You need Ghostscript to do this. Run "ps2pdf input.ps output.pdf".
How to get a postscript file? Most programs with printing support have ability to print to file. For example, in Mozilla this is as easy as choosing File/Print... and selecting "Print to: File" (same with abiword).
The only problem with this is that you don't get hyperlinks in your pdf file.If you want to have a pdf with links, you need some program to generate pdf directly. I know only one way to achieve this. I design my document in latex, which I process through "pdflatex" to get the pdf (regular way is to call "latex", which generates a dvi file, then process it with dvips or dvipdf to get ps or pdf).
generating pdf's from other things is not the problem (sorry, if i was not clear enough)

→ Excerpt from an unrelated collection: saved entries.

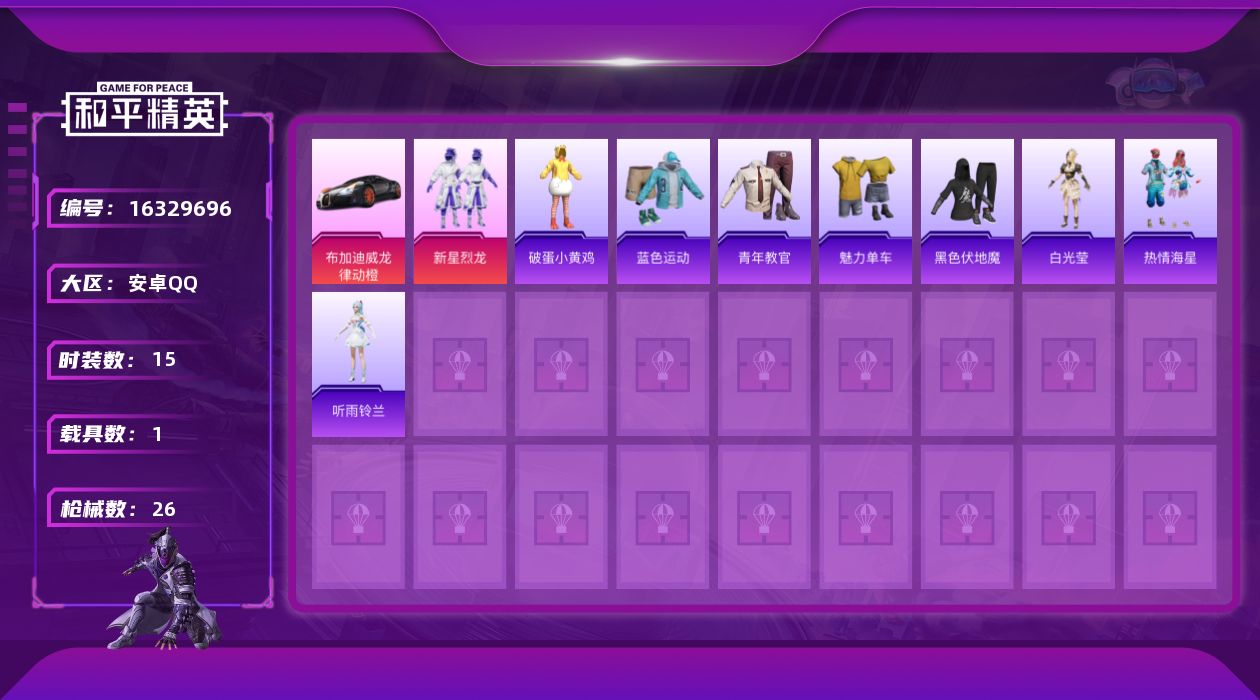 [16329696]【特价出售/店主推荐】安卓 手Q-1粉装-1特效枪-1载具-0粉色飞行器-7720热力值-1王牌印记-15套装-26枪皮 【粉色套装】:粉装-新星烈龙 【粉色载具】:布加迪威龙(律动橙) 【粉色枪皮】:AUG-罪夜之冕 【粉色降落伞】:至尊龙雀降落伞,精灵梦叶罗丽降落伞,鸢尾晶梦降落伞 【稀有枪皮】:SCAR-L-炫彩节奏,M762-天降萌叽,M762-风花雪月,UZI-天降萌叽,SKS-炫彩节奏,Mini14-炫彩节奏,S686-奇异狩猎者,DP-28-彩虹符号 【其他套装】:套装-破蛋小黄鸡,套装-蓝色运动,套装-青年教官,套装-魅力单车,套装-黑色伏地魔,角色-白光莹,套装-热情海星,角色-听雨铃兰 【营地ID】:967478488
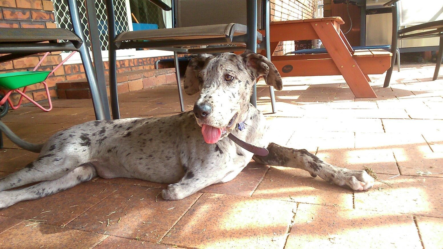 Sophie is a wonderful, happy, outgoing pup. She is full of affection and adores snuggles on a lap. Despite being born with only three legs she plays hard with other dogs. She is clever enough that when she has had enough she goes to a safe place to rest or watch. Sophie will need to be kept on the lean side to minimise the weight placed on her good front leg however she will only ever be a tiny dane so this should not be an issue. She uses her stumpy leg for balance and to position toys to her satisfaction. She is quite the talker, particularly when asked to move out of a warm, comfy bed. As she is still a puppy she does love to chew things however is easily redirected from inappropriate items to good toys. She runs very fast and although she may look as though she is having trouble walking she is very well adapted to her situation. She has been checked by a vet regarding her missing leg, they are happy with how she is managing.
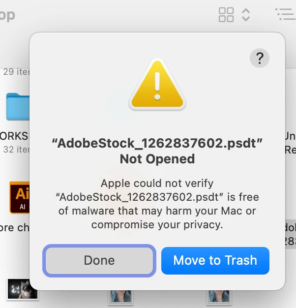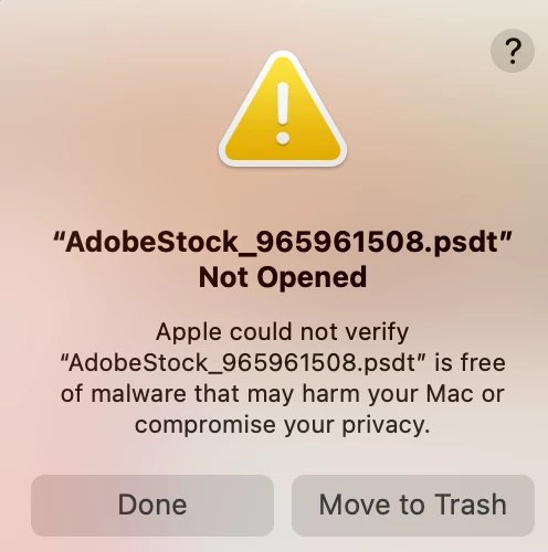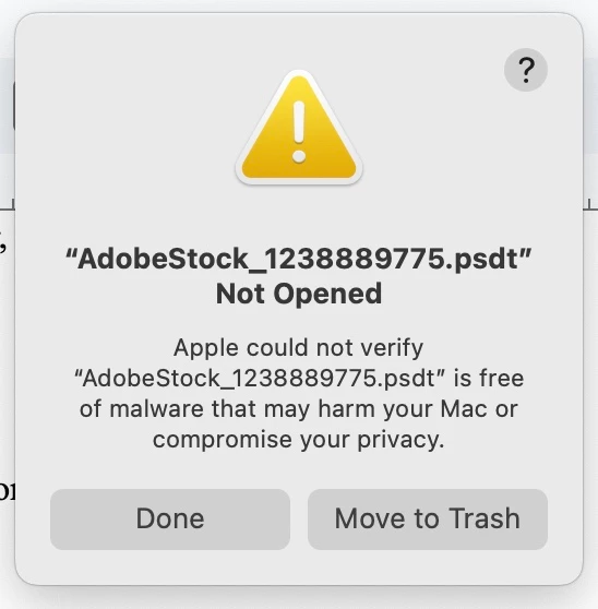 Hi all, I'm trying to open a PSDT from Adobe Stock but when I do I get a popup saying that Apple could not verify it's free of malware.

the problem is that i got some PDF's and have to change some things (move images, edit text (spelling mistakes), split into more files (make 4 files à ~31 pages from one file that has 124 pages)) but the original author (who made the original in adobe illustrator) is on holidays and will be back in about a year and i have no access to the original illustrator files (besides that i have no mac and no adobe illustrator)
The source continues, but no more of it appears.